Senator Challenges Legality of Secretive White House Phone Surveillance Program

A recently revealed surveillance program, known as Data Analytical Services (DAS), is under scrutiny as US Senator Ron Wyden questions its legality in a letter addressed to the Department of Justice (DOJ). According to information obtained by WIRED, the DAS program, formerly known as Hemisphere, has been operational for over a decade, allowing law enforcement agencies at federal, state, and local levels to analyze more than a trillion domestic phone records annually.

Operated in collaboration with telecom giant AT&T, the DAS program employs chain analysis, targeting not only individuals in direct contact with criminal suspects but also anyone connected to these individuals.
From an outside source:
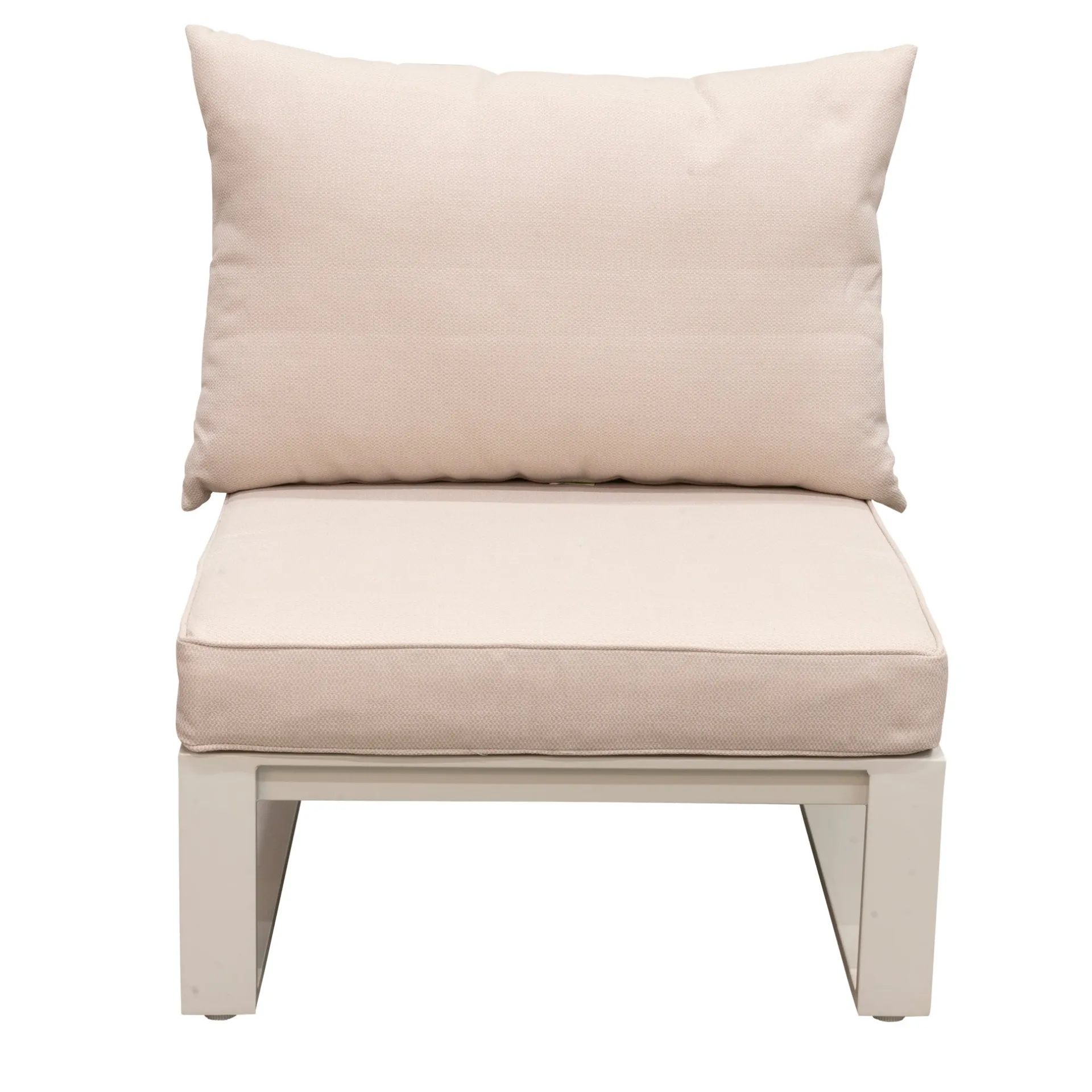 Het tussenstuk is de perfecte toevoeging aan je modulaire loungeset. Dit tussenstuk wordt geleverd met comfortabele kussens, waardoor je eenvoudig extra zitplaatsen creëert met dezelfde luxe uitstraling en comfort als de rest van je set. De kussens zijn zacht, ondersteunend en gemakkelijk te onderhouden, waardoor je het hele seizoen kunt genieten van ontspanning in je tuin of op je terras.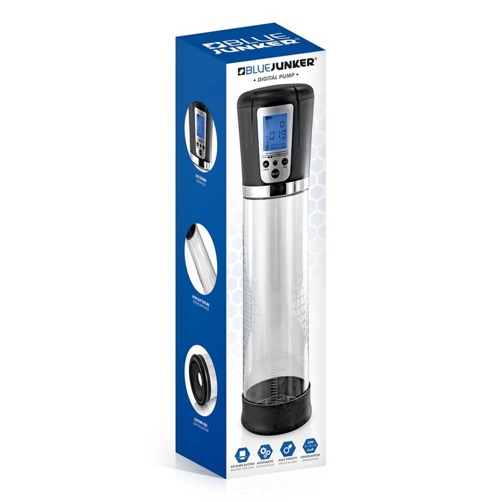 Ce développeur de pénis de la marque Blue Junker est composé d'une pompe automatique rechargeable (à l'aide d'un câble USB fourni) qui permet d'accéder simplement à 5 niveaux de pression en appuyant sur un des boutons de son panneau de contrôle.

AT&T, utilizing its extensive infrastructure across the United States, captures and analyzes call records for various law enforcement agencies, with the White House reportedly allocating over $6 million to support the program.

Senator Wyden, expressing “serious concerns about the legality” of DAS, highlights troubling information received from the DOJ, deemed “sensitive but unclassified.” This information, while posing no national security risk, is restricted from public disclosure. In a letter to US Attorney General Merrick Garland, Wyden emphasizes the potential outrage such revelations might generate among Americans and Congress members.

AT&T spokesperson Kim Hart Jonson declined to comment on the DAS program, stating the company’s obligation to comply with lawful subpoenas. Notably, there is no legal requirement for AT&T to retain decades’ worth of Americans’ call records for law enforcement purposes. Documents reveal AT&T’s participation in law enforcement conferences to train officials on utilizing the company’s voluntary assistance.

A review of law enforcement data, previously leaked by the transparency collective Distributed Denial of Secrets, exposes extensive monitoring practices. While DAS is nominally focused on drug trafficking, documents reveal requests for data unrelated to drugs, including unsolved cases. Examples include officers seeking a “Hemisphere analysis” to identify a suspect’s phone number by analyzing calls from close friends and requests to identify victims and material witnesses in unrelated cases.